:: THE TASK ::
Copying rule for the data below: take the line containing "Traje Zara Completo Cuadros Azul y Gris" and every line after it to the end, exactly, and drop all pictures.

:: INPUT DATA ::
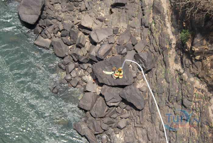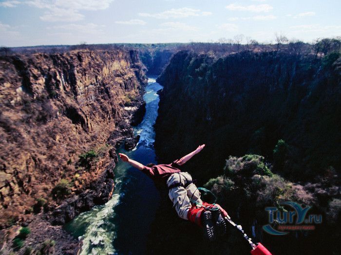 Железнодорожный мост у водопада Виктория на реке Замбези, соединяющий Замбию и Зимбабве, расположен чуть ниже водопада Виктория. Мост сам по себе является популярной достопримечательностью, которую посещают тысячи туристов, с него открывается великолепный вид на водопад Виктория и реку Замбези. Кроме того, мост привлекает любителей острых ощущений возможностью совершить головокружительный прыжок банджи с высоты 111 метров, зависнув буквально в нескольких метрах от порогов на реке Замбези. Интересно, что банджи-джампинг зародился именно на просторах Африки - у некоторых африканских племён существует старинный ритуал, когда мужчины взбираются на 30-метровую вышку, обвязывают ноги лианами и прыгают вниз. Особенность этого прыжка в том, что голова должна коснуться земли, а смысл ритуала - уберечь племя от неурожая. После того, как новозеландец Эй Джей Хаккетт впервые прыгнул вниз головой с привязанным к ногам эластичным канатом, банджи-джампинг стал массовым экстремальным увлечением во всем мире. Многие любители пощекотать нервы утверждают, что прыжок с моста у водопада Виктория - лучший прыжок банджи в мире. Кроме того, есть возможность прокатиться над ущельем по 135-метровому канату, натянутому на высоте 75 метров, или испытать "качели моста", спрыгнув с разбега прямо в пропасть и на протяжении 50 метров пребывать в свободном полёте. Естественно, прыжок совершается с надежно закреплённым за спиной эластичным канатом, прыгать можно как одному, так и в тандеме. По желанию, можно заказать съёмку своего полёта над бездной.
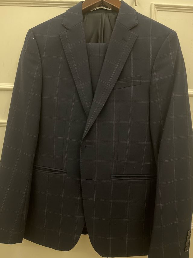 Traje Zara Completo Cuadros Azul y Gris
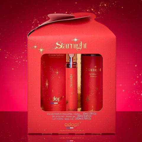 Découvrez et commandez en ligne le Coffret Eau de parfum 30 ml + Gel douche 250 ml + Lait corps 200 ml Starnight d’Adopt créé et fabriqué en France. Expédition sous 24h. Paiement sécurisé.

:: TASK SOLUTION ::
 Traje Zara Completo Cuadros Azul y Gris
 Découvrez et commandez en ligne le Coffret Eau de parfum 30 ml + Gel douche 250 ml + Lait corps 200 ml Starnight d’Adopt créé et fabriqué en France. Expédition sous 24h. Paiement sécurisé.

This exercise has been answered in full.